2.2. Identification of DEGs
In the training set, we identified 21 biologically significant differentially expressed genes (DEGs), as detailed in Supplementary Table S2. A volcano plot showed that, compared with the control samples, all 21 DEGs were significantly upregulated in the DILI samples. Generally speaking, the larger the absolute value of Log FC and adjusted P value of −Log10, the greater the difference between the two groups. Therefore, growth arrest and DNA damage-inducible protein GADD45 α (GADD45A) and DNA damage-inducible transcript 3 protein (DDIT3) were distributed to the edges of the heatmap, indicating a clear difference between the two groups (Figure 2).
Figure 2
The 21 DEGs were distributed in both the DILI group and the control group (|log FC| > 0.8, FDR < 0.05, and p-value < 0.05). (A): heatmap of 21 DEGs between the Con and DILI groups; (B), volcano diagram of all genes; red represents significantly upregulated genes in the DILI group compared to Con group, and black represents not significantly upregulated genes.

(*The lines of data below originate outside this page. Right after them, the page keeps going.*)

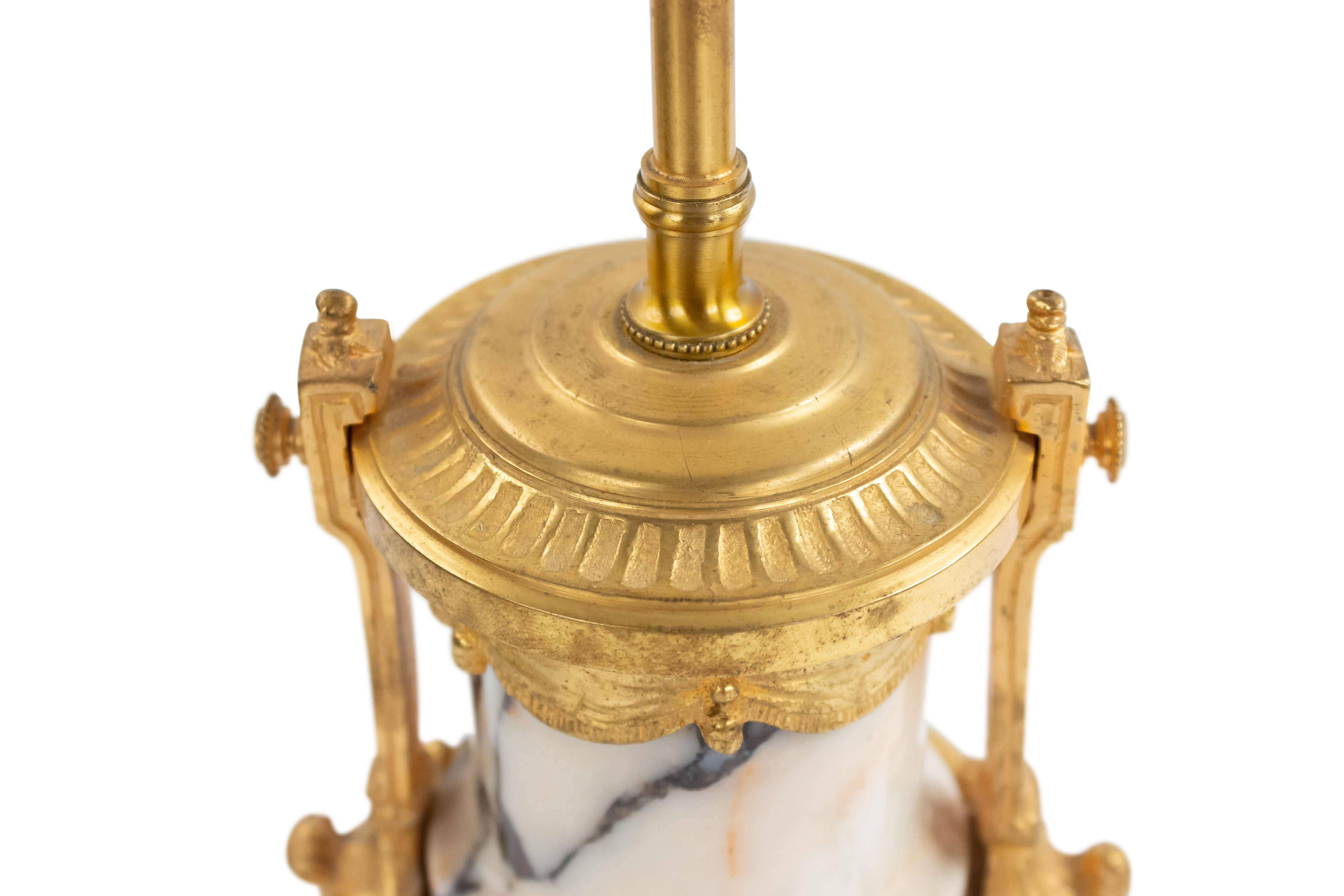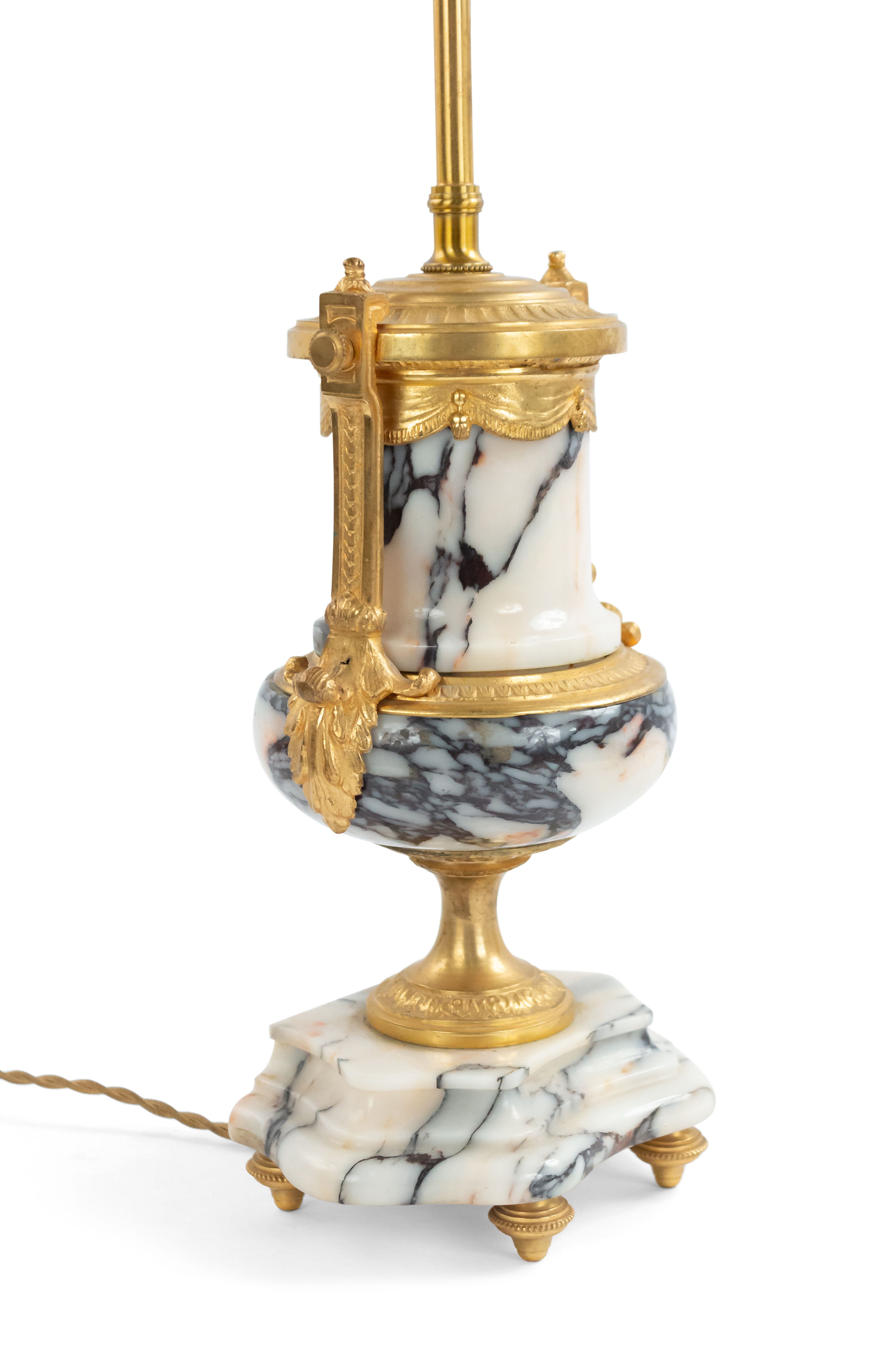 PAIR of French Victorian (19/20th Century) white and black veined marble urn form lamps with gilt bronze side handles and trim (PRICED AS PAIR)..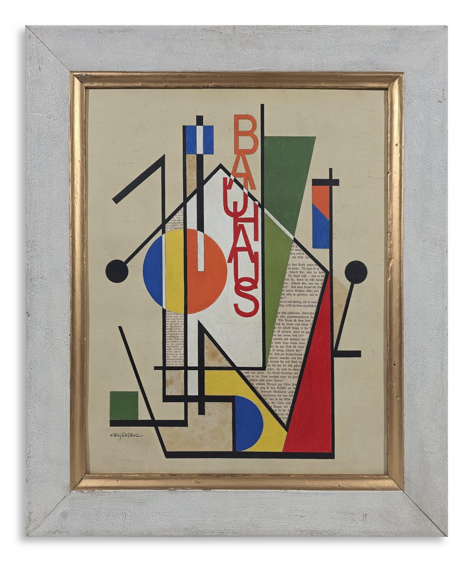 GUNTHER OTTO (1856 - 1941) COMPOSIZIONE GEOMETRICA. Olio e collage su tavola. Cm 38,00 x 47,50. firma . Cornice presente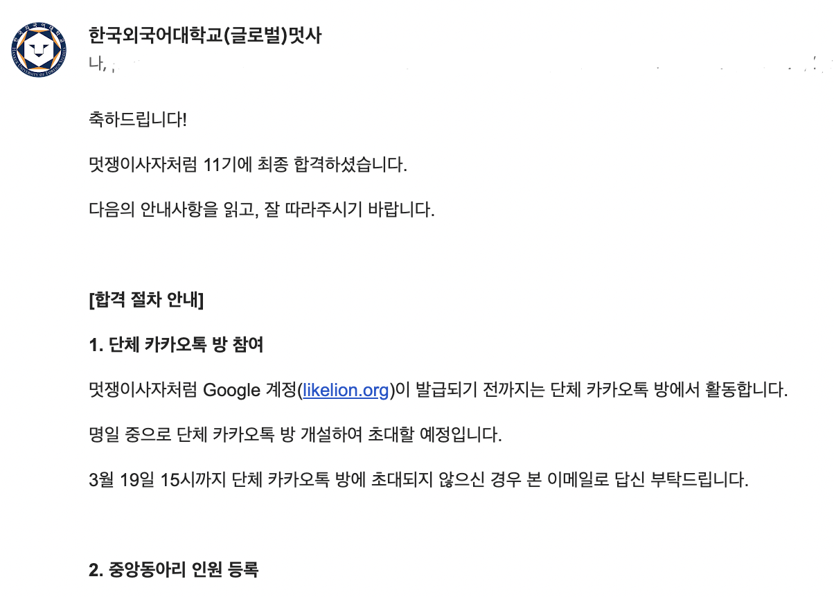 웹개발 IT 연합 동아리 '멋쟁이 사자처럼 (이하 멋사)' 대학 11기에 지원해서 합격하였다.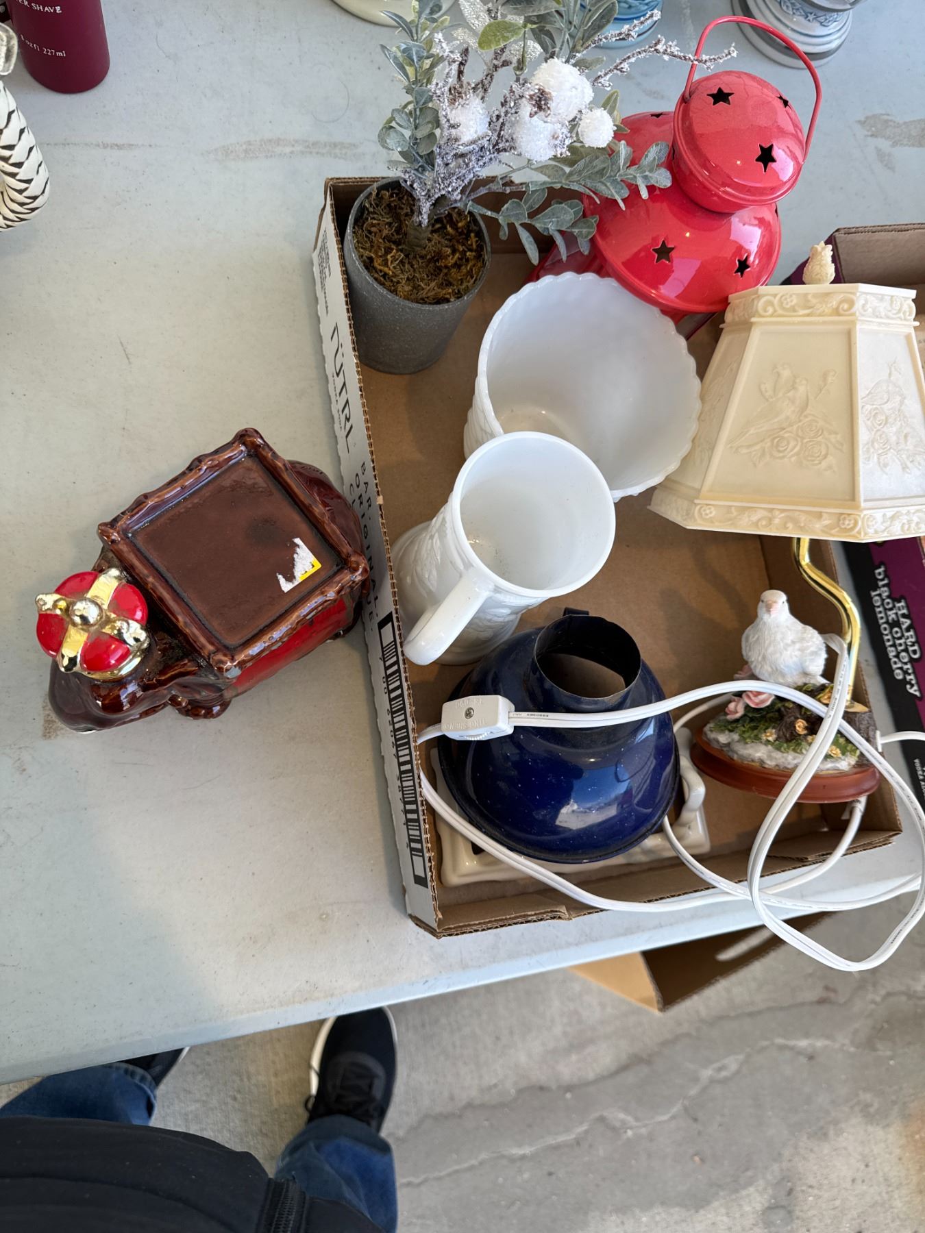 Assorted decor, lamp, elephant, decanter, etc.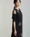 繊細なチュールスリーブと立体的な花柄刺繍が映えるIラインドレス
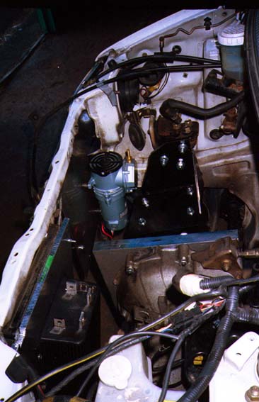| 反対側にはステンレスの薄いプレートを折り曲げてブレーキ用コンプレッサーを取り付けます。写真には写っていませんがその横に並べてエアタンクを取り付けます。 実作業としてはこの日の作業は取り付け板の製作でした。他のパーツの取り付け板を製作・取り付けした後、固定・配線を行います。 |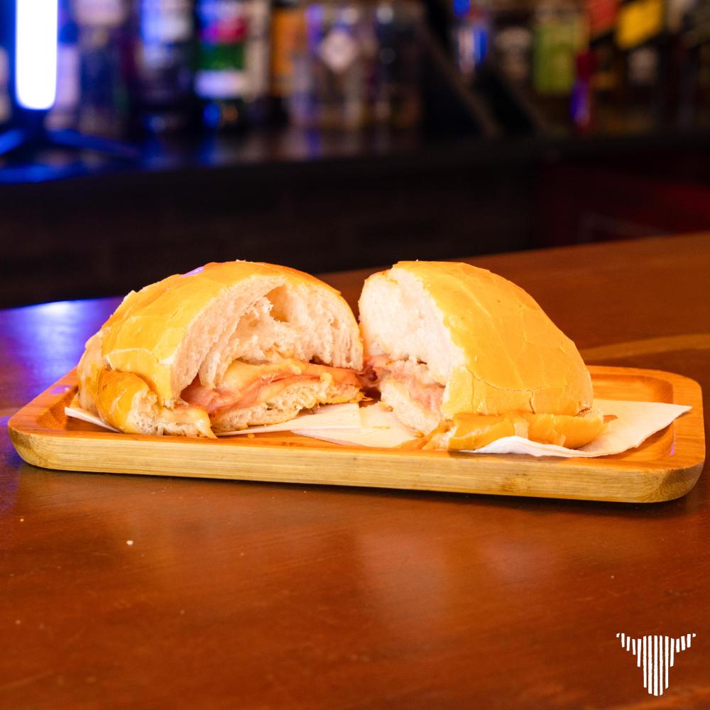 Pão francês, queijo muçarela e presunto.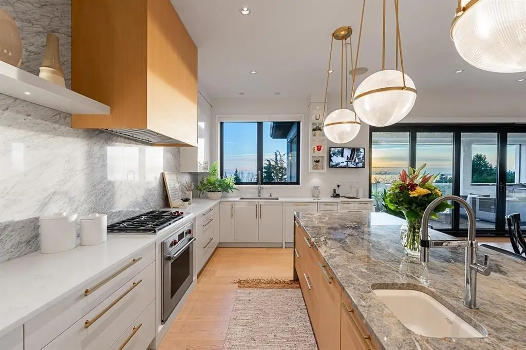 Spectacular Ocean & Gulf Island Views combined with superior quality and timeless modern design. Quality built by Dakota Homes, this luxurious 6,000sqft home offers breathtaking views from principal living spaces seamlessly integrating indoor & outdoor living. Luxurious interior design throughout, the open-concept main floor includes a Great Room, Gourmet kitchen with professional Wolf/Subzero appliances, Wok Kitchen, Formal and Casual Dining areas along with a heated oceanside deck. Elevator for easy access to the lower levels, including the lavish primary suite and 3 additional guest suites. Walk out basement complete with a media room, gym, bar, wine cellar, and a guest room. Meticulously landscaped and gated for privacy with rear and front access. Bayridge & Semiahmoo school catchment.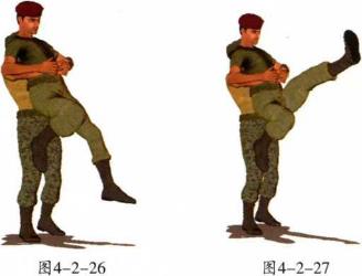 将右腿屈膝提起将右脚蹬踏在对方右大腿之上。同时左腿向前伸展、摆动(图4-2-26、图4-2-27),然后再利用左脚回荡的力量攻击敌人腹股沟迫使其放松对我的搂抱(图4-2-28)。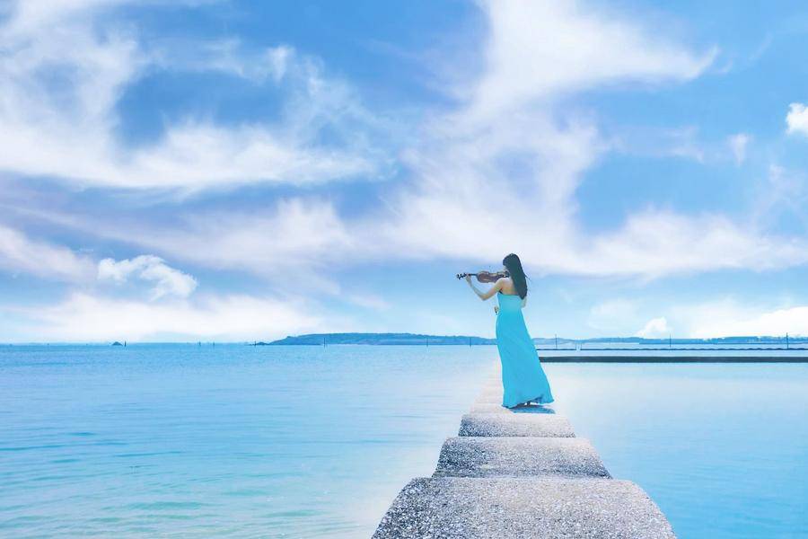 白色涼亭步道蜿蜒入海,漲潮時有種交錯漸層感的海色,宛如沉靜在馬爾地夫般~美麗❤️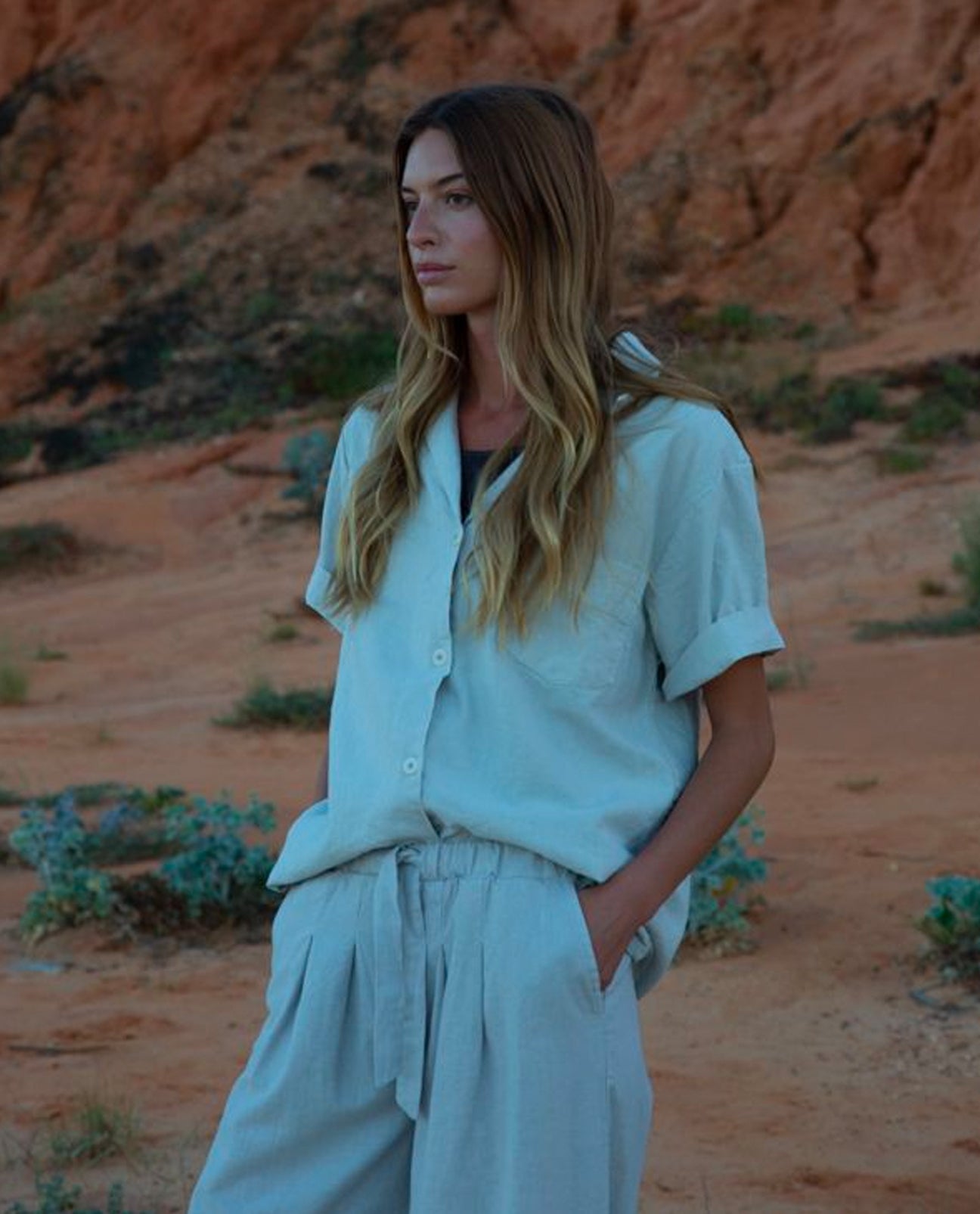 The Frida-May shirt features a masculine cut and is crafted from our premium weight cotton/linen blend fabric. Featuring a cuban neckline and front pocket.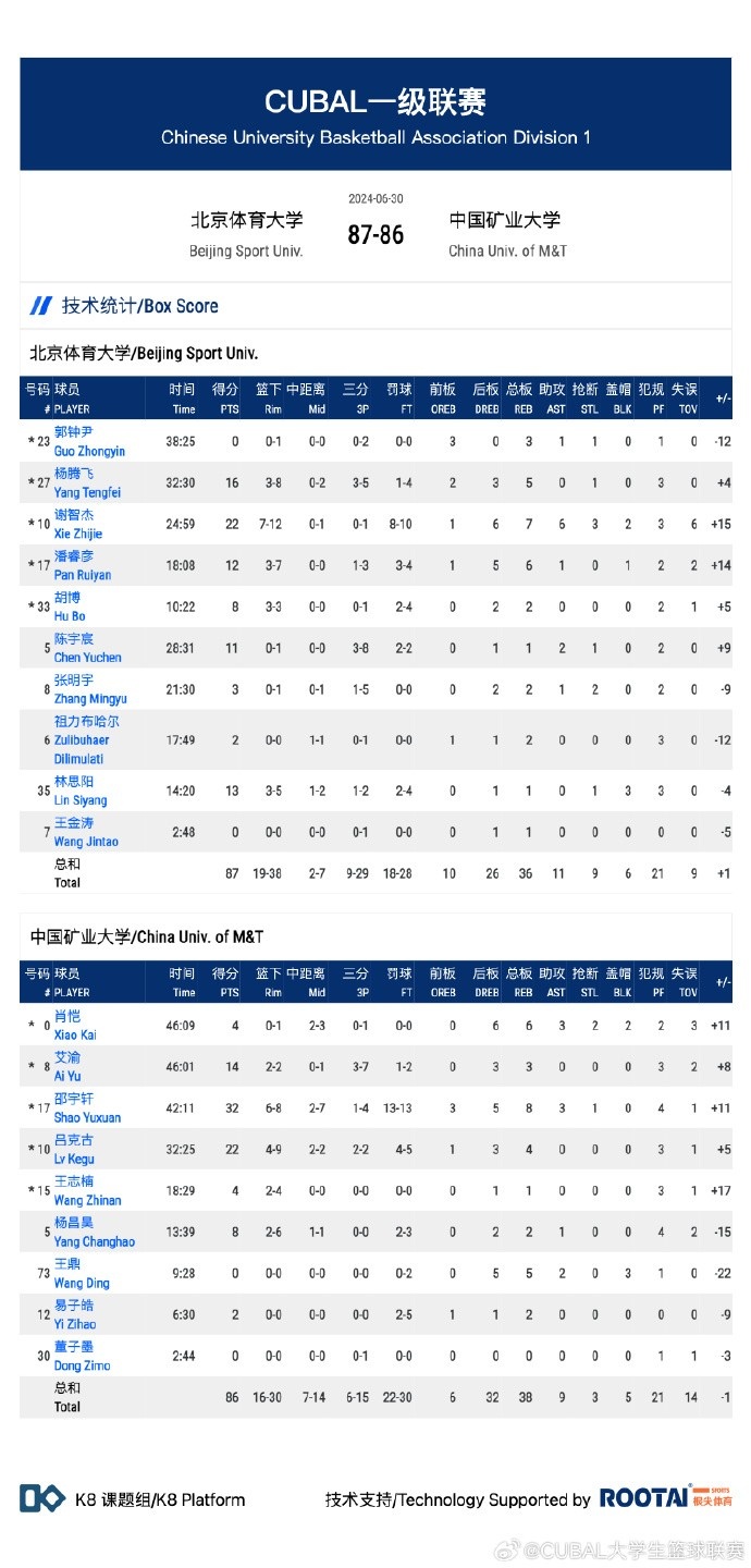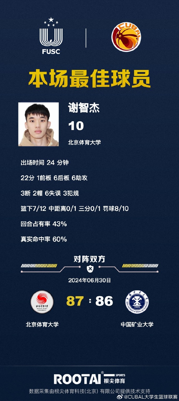 北体大:谢智杰22分7篮板6助攻3抢断2盖帽、杨腾飞16分5篮板、陈宇宸11分2助攻、潘睿彦12分6篮板、林思阳13分3盖帽、胡博8分2篮板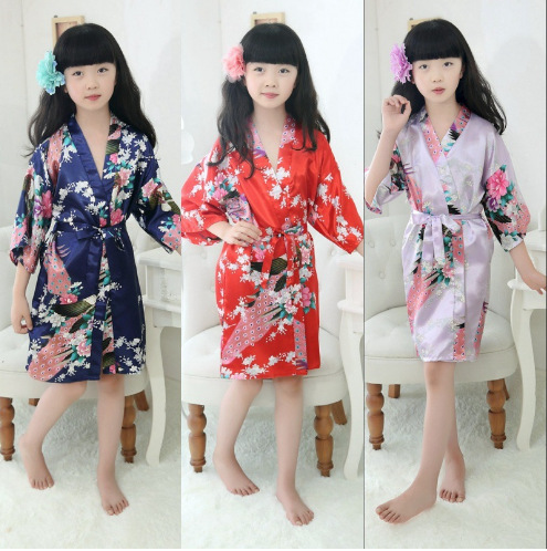 여자 공작 나이트가운 국경 간 무역 실크 어린이 공작 기모노 나이트가운 잠든 어린이 목욕 가운
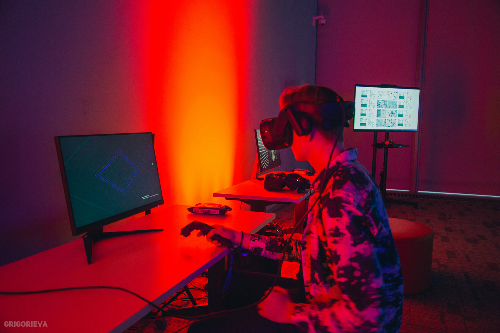 Audio Visual Tunnel for Virtual Reality. A fully automated system that immerses the viewer in a space of sound using graphics and VR capabilities. The project was created within the framework of the Master's degree program "Technological Art" at NUST MISIS, 2021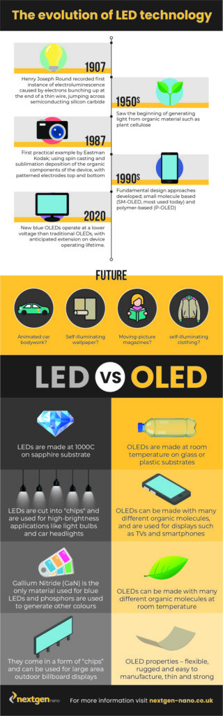 NextGen Nano’s infographic demonstrates how industry is beginning to recognise the true potential of OLEDs, to reduce energy consumption and improve the quality of displays — in everything from TVs and mobile devices to cars and aircrafts.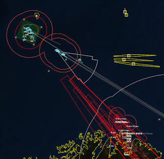 Multiple air and surface contacts are detectedThere are perhaps 16 air contacts and 5 surface contacts.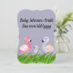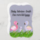 This flamingo pregnancy announcement flat card, features two flamingos with their baby on a pale purple background.

R software (version 4.1.4; written by Ross Ihaka and Robert Gentleman from the University of Auckland originally, N.z., and maintained by Lucent Technologies, USA, https://www.r-project.org/) was used to create the maps, including R package pheatmap (version 1.0.12; created by Raivo Kolde’ team; https://cran.r-project.org/web/packages/pheatmap/index.html) for the heatmap and ggplot2 (version 3.35; written by Hadley Wickham; RStudio, USA, https://cran.r-project.org/web/packages/ggplot2/index.html) for the volcano plot, respectively. FC, fold change; FDR, false-discovery rate.
2.3. Functional and Pathway Enrichment Analysis
GO analysis was conducted from three different aspects, namely, biological process (BP), cellular component (CC), and molecular function (MF). According to the GO enrichment results (Figure 3A and Supplementary Table S3), 94 terms were enriched in 21 DEGs. The top-5 enriched BP terms include response to nutrient levels, response to extracellular stimulus, cellular response to external stimulus, response to starvation, and cellular response to nutrient levels. Among them, response to nutrient levels was significantly activated, with 8 upregulated genes involved, including DDIT3, UPP1, GDF15, JMY, CPEB4, ASNS, LDLR, and PIM1. However, the top-5 enriched CC terms were not significant. The most enriched MF term was neutral amino acid transmembrane transporter activity. Among the KEGG pathways (Figure 3B), the top five were significantly enriched in apoptotic, tumor-related, and ferroptosis signaling pathways. Among them, apoptosis was the most significantly activated, with 3 upregulated genes involved, including DDIT3, GADD45A, and GADD45B. To further investigate the pathway analysis of DEGs, GSEA analysis was performed on control and DILI groups, respectively. In the control group (Figure 3C), GSEA was significantly enriched in DNA replication, glutathione metabolism, mismatch repair, primary bile acid biosynthesis, and proteasomes. Meanwhile, GESA in the DILI group (Figure 3D) showed significant enrichment in the ERBB signaling pathway, MAPK signaling pathway, P53 signaling pathway, TGF-β signaling pathway, and WNT signaling pathways.
Figure 3
Functional and pathway enrichment analysis. (A): The top−5 BP terms, top−5 CC terms, and top−5 MF terms enriched in GO term. (B) The 18 significantly enriched KEGG pathways. (C) The top−5 most significantly enriched GSEA-KEGG control terms. (D) The top−5 most significantly enriched GSEA-KEGG DILI terms. BP, biological process; CC, cellular component; MF, molecular function. Count represents the number of genes enriched in the GO or KEGG entry. The Q value is the p value after multiple correction, which is represented by color. The redder it is, the smaller the q value is and the more obvious the enrichment is.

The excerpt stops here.